AWS Database Blog

Scale your Amazon MemoryDB for Redis clusters at a lower cost with data tiering

Amazon MemoryDB for Redis is a Redis-compatible database service that delivers both in-memory performance and Multi-AZ durability. You can use MemoryDB as a primary database for use cases that require durable storage and ultra-fast performance, like user session data, message streaming between microservices, payment processing, gaming leaderboards, and Internet of Things (IoT).

Today, we announced the availability of data tiering for the AWS Graviton2-based R6gd node types in MemoryDB. When using R6gd nodes, MemoryDB automatically and transparently tiers data between DRAM and locally attached NVMe solid state drives (SSDs). SSDs provide slightly higher latencies for Redis workloads than memory, but also cost significantly less. When using clusters with data tiering, with the R6gd nodes have nearly 5x more total capacity (memory + SSD) and can help you achieve over 60% storage cost savings when running at maximum utilization compared to R6g nodes (memory only) while having minimal performance impact on applications.

Assuming 500-byte String values, you can typically expect an additional 450µs latency for read requests to data stored on SSD compared to read requests to data in memory.

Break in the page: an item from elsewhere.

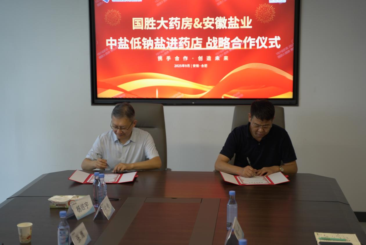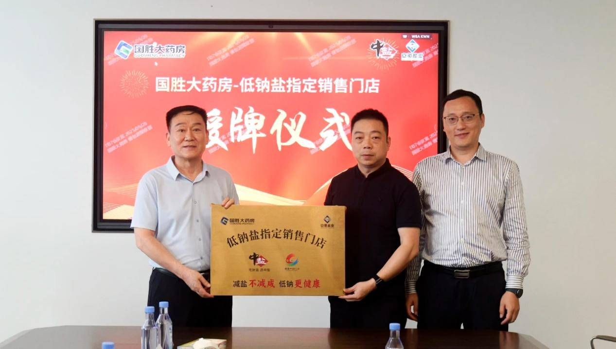 儀式現(xiàn)場,雙方圍繞“高鹽飲食危害防控”與“低鈉鹽全民推廣路徑”展開深入研討,達(dá)成了“政策同向、使命同頻”的戰(zhàn)略共識,共同致力于將健康干預(yù)覆蓋至家庭單元。隨后,安徽省鹽業(yè)集團(tuán)與國勝大藥房簽署了戰(zhàn)略合作協(xié)議,安徽省鹽業(yè)集團(tuán)與中鹽東興公司共同向國勝大藥房授予“中鹽低鈉鹽指定銷售門店”牌匾,宣告低鈉鹽的健康推廣與銷售在醫(yī)藥渠道正式啟動(dòng)。

With the largest data tiering node size (db.r6gd.8xlarge), you can now store up to 500 TB in a single 500 node cluster (250 TB when using one read replica). Data tiering is compatible with all Redis commands and data structures supported in MemoryDB. You don’t need any client-side changes to use this feature.

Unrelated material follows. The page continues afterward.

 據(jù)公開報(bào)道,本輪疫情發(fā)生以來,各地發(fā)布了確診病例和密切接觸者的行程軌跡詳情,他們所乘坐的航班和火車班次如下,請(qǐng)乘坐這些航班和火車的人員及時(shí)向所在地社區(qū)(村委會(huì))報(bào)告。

In this post, we describe how to use R6gd instances with data tiering in MemoryDB to scale capacity in a cost-optimal way.

How data tiering works

On a cluster with data tiering, MemoryDB monitors the last access time of every item it stores. When available memory (DRAM) is consumed, MemoryDB uses a least-recently used (LRU) algorithm to automatically move infrequently accessed items from memory to SSD. When data on SSD is subsequently accessed, MemoryDB automatically and asynchronously moves it back to memory before processing the request. If you have a workload that accesses only a subset of its data regularly, data tiering is a good option to scale your capacity cost-effectively, often times with no perceivable performance impact to applications.

MemoryDB stores data on NVMe SSDs using a purpose-built tiering engine, which is fine-tuned for high throughput and low latency. Security and data integrity were key areas of focus in the design of the tiering engine. Like all Graviton2-based hardware, MemoryDB R6gd nodes offer always-on 256-bit encrypted DRAM. Additionally, all items stored on NVMe SSDs are encrypted by default (even for clusters that didn’t configure encryption of data at rest) using an XTS-AES-256 block cipher implemented in a hardware module on the node. We perform data integrity validation using a crc32c checksum on each item read from NVMe SSDs.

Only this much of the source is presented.